*WHAT TO DO:* Pictures excluded, retype the lines from the one containing "[서울 구로구육아종합지원센터] 서울형 키즈카페 돌봄요원 채용 공고" through the last line of the data below, both included.

*DATA SHOWN:*
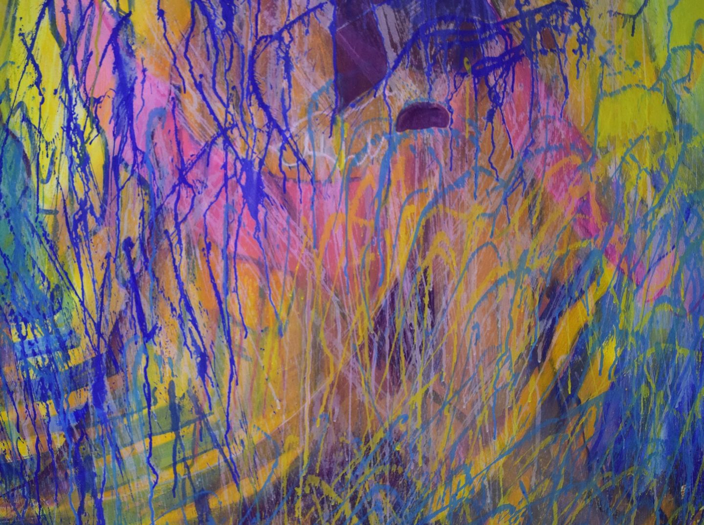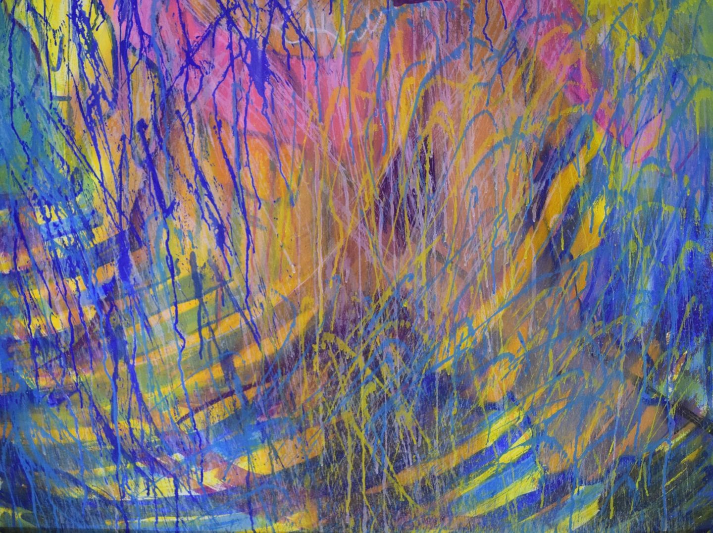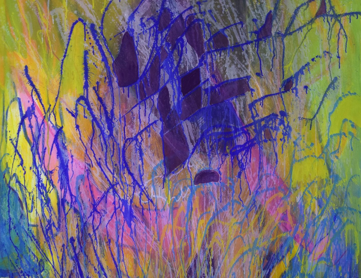 Ivy Lysdal, b 1937. Danish ceramist and painter. Mixed media on cardboard. Large abstract modernist painting. Colorful palette. Late 20th century.
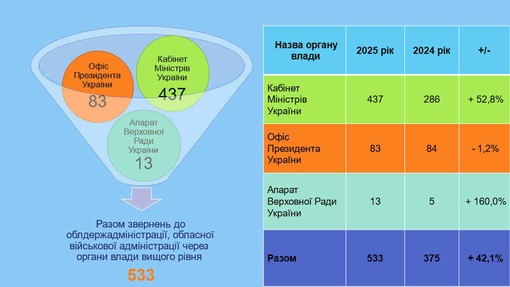 За 2025 рік, у порівнянні з минулим роком, відбулось зростання надходження звернень громадян через органи влади вищого рівня на 42,1% (533 звернення за 2025 рік проти 286 звернень за 2024 рік) переважно за рахунок збільшення надходження звернень громадян через Кабінет Міністрів України на 151 звернення або 52,8%, а саме: Секретаріат Кабінету Міністрів України та Міністерство розвитку громад та територій України. Через Апарат Верховної Ради України надходження зросло на 8 звернень, через Офіс Президента України, навпаки, зменшилось на 1 звернення.
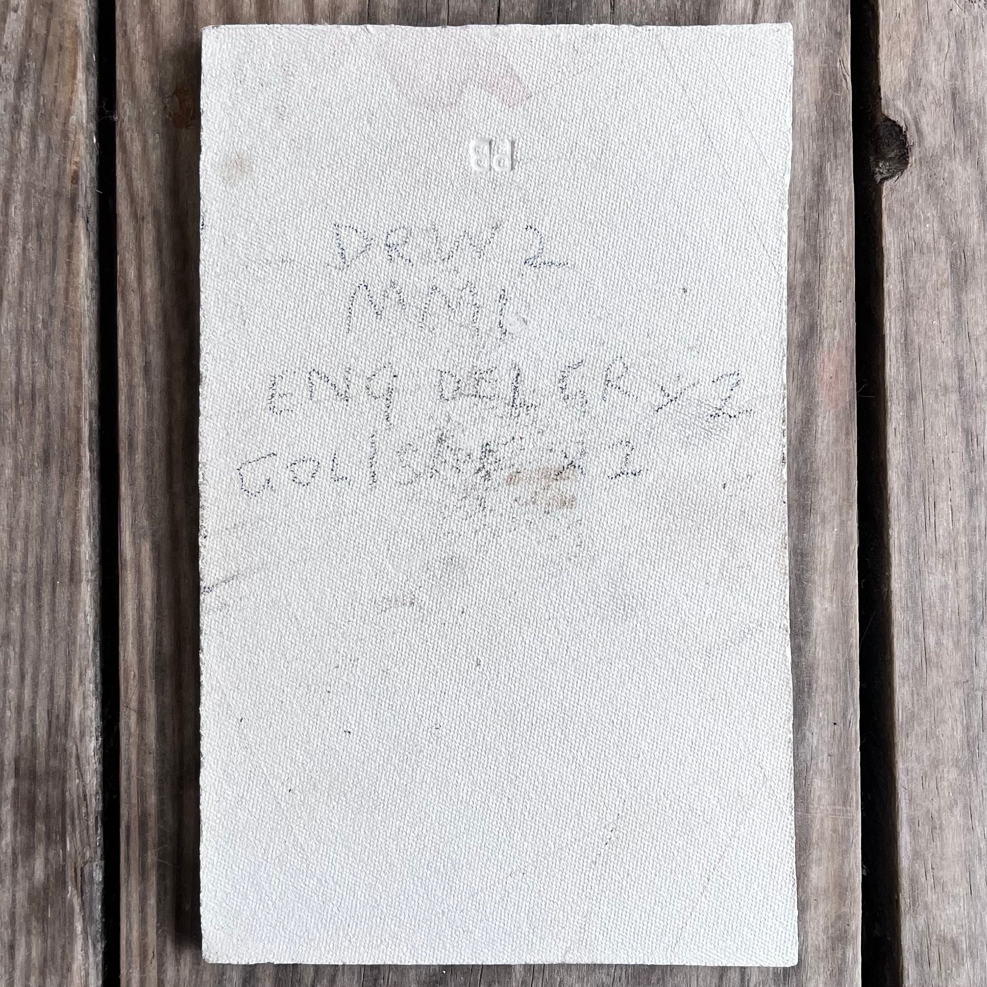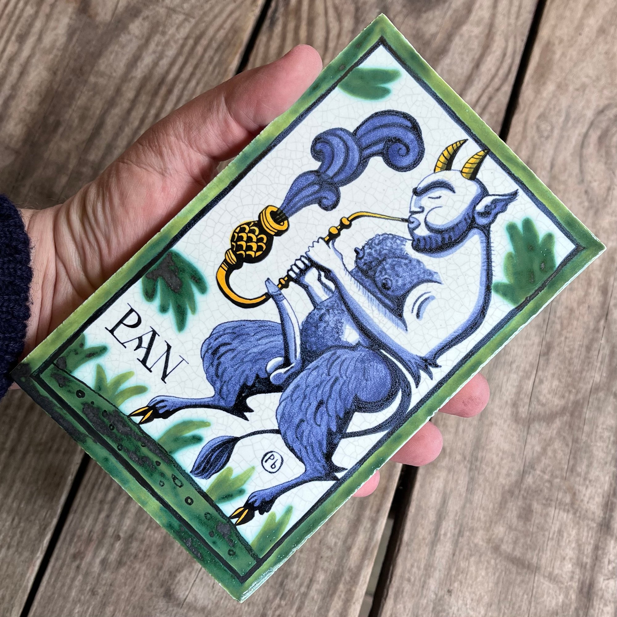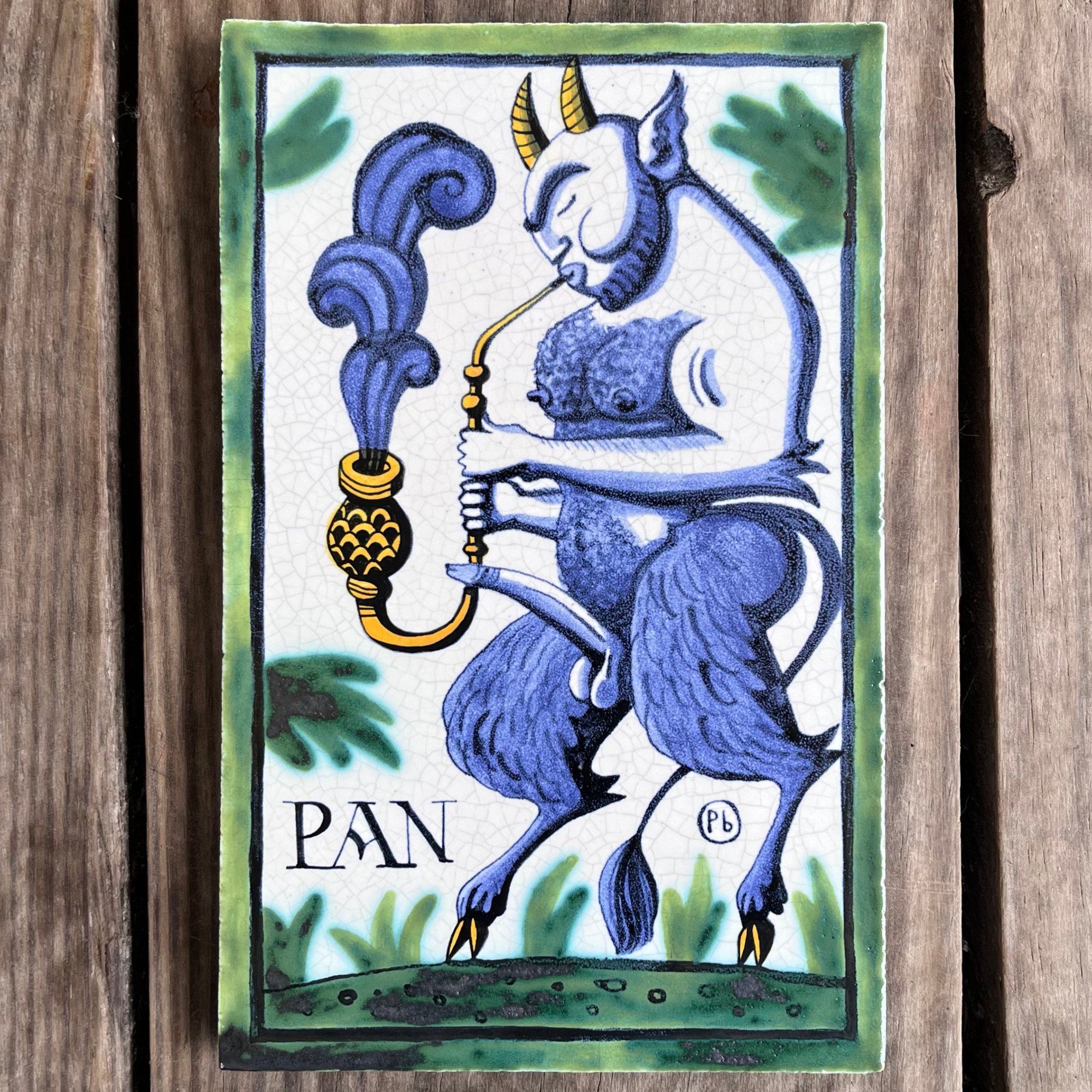 The Great God Pan, puffing hard upon a smoking pipe. Hand-painted delft tile in Cobalt, Copper and Polychrome. Inspired by traditional Spanish tile designs and playing cards. Please note a few small dots of 'burn-out' from fluxing within the oxides and a slight bowing of the piece over all, reflected in the price.
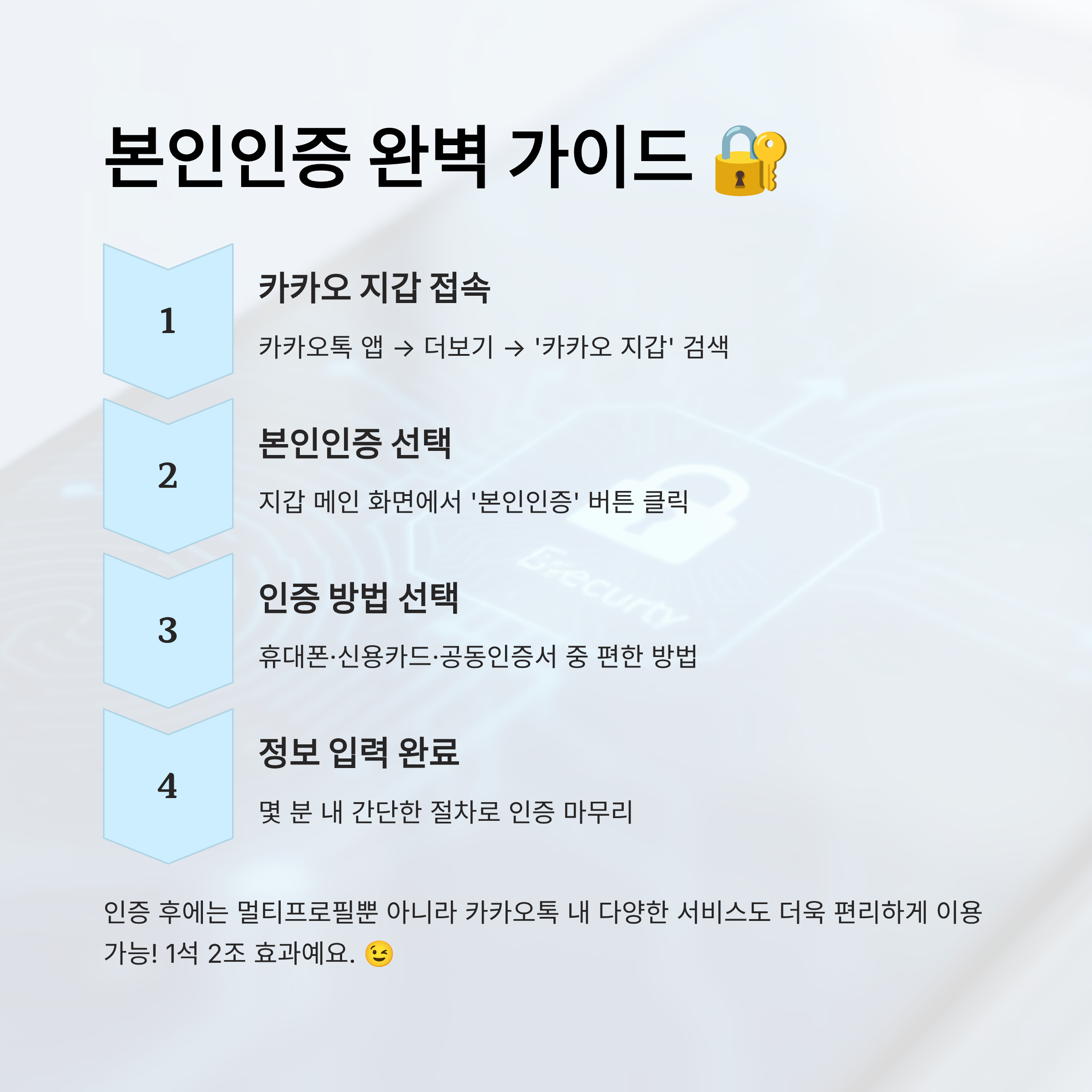 이 인증 시스템은 카카오가 사용자의 신뢰성과 안전을 보장하기 위해 준비한 보안 절차이기 때문에, 조금 번거롭더라도 꼭 필요해요. 인증 이후에는 카카오톡 내 다양한 서비스도 더욱 편리하게 이용할 수 있게 되니 1석 2조죠! 😉
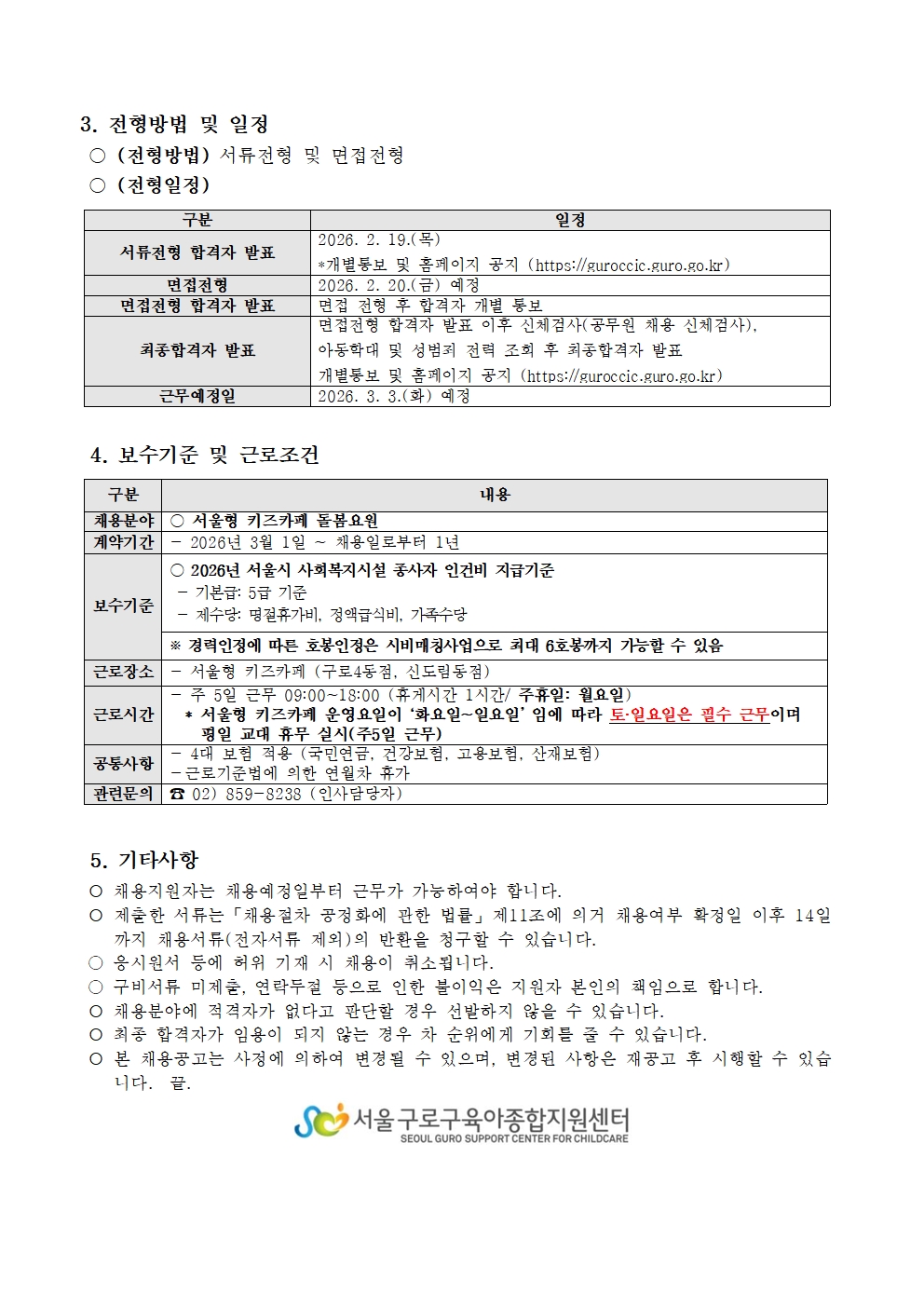 [서울 구로구육아종합지원센터] 서울형 키즈카페 돌봄요원 채용 공고
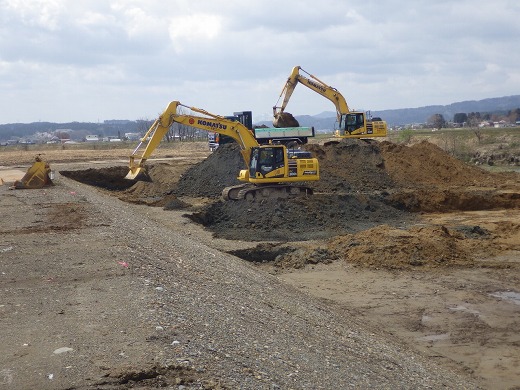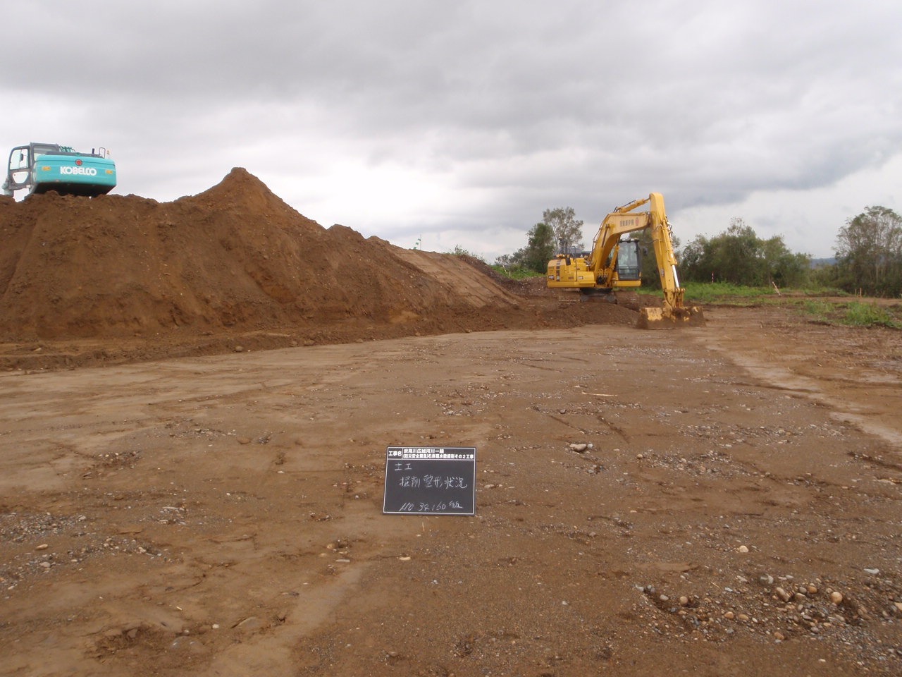 ICT土工にて、掘削・土砂搬出作業を行っております。
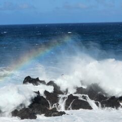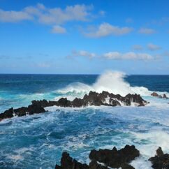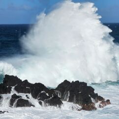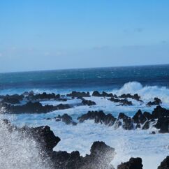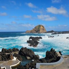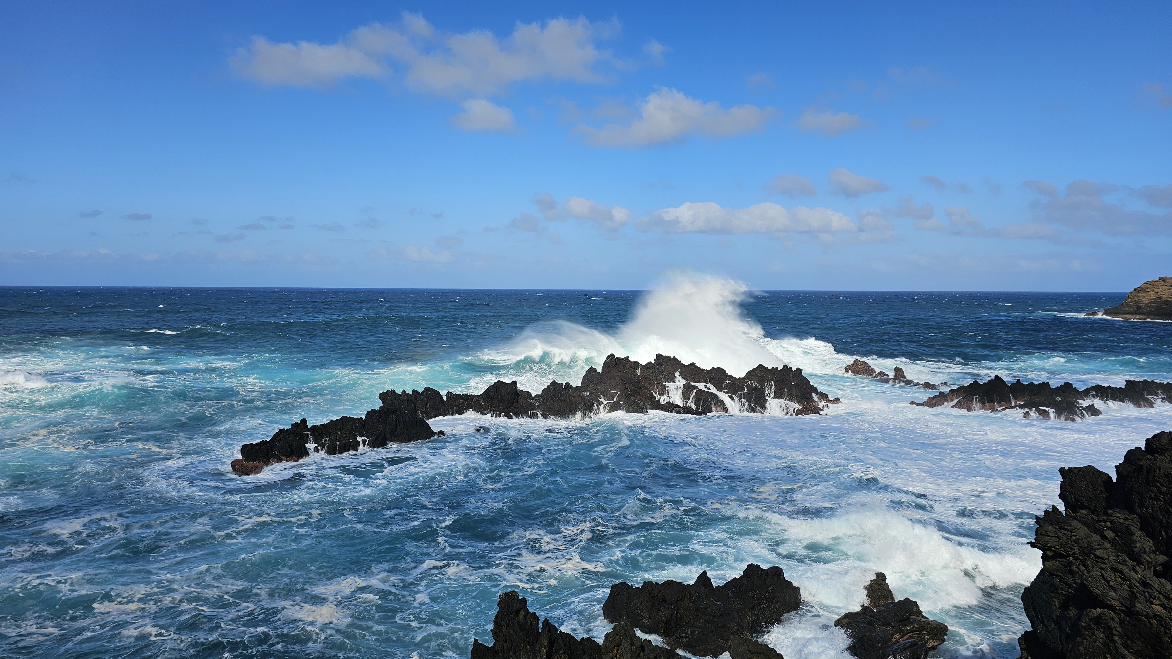 Und dann kommt Porto Moniz! Ein Highlight mit Felsformationen vor der Küste, Badebecken, die mit Meerwasser überflutet werden und tosenden Wellen, die beim Zurückfluten aufeinandertreffen und phantastische Wasser- und Gischtfontänen zaubern. Es fällt uns schwer, den Blick davon zu lösen.
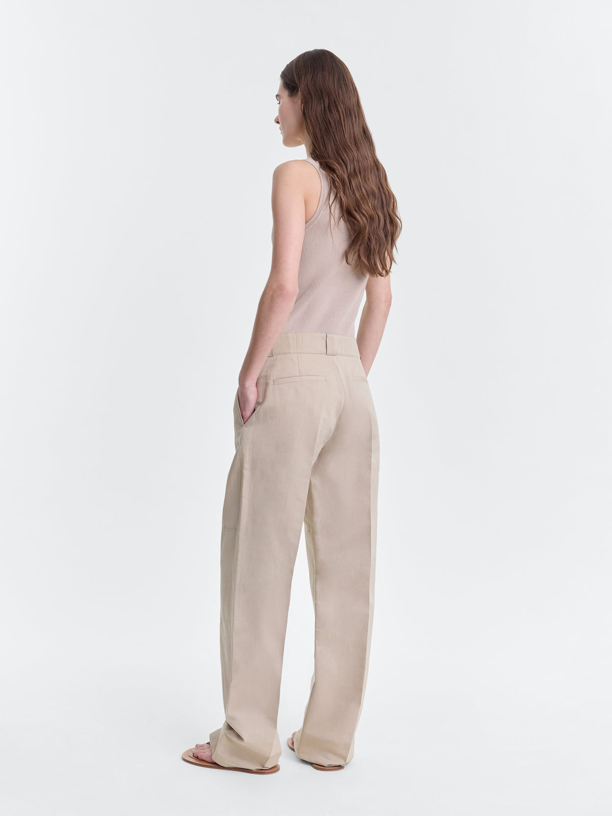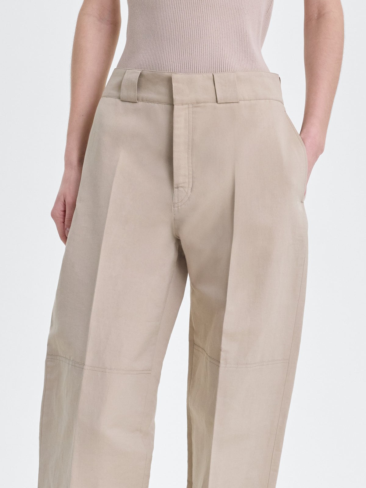Loose fit utility trouser in ecru lightweight cotton silk faille.

*ANSWER SECTION:*
 [서울 구로구육아종합지원센터] 서울형 키즈카페 돌봄요원 채용 공고
 ICT土工にて、掘削・土砂搬出作業を行っております。
 Und dann kommt Porto Moniz! Ein Highlight mit Felsformationen vor der Küste, Badebecken, die mit Meerwasser überflutet werden und tosenden Wellen, die beim Zurückfluten aufeinandertreffen und phantastische Wasser- und Gischtfontänen zaubern. Es fällt uns schwer, den Blick davon zu lösen.
Loose fit utility trouser in ecru lightweight cotton silk faille.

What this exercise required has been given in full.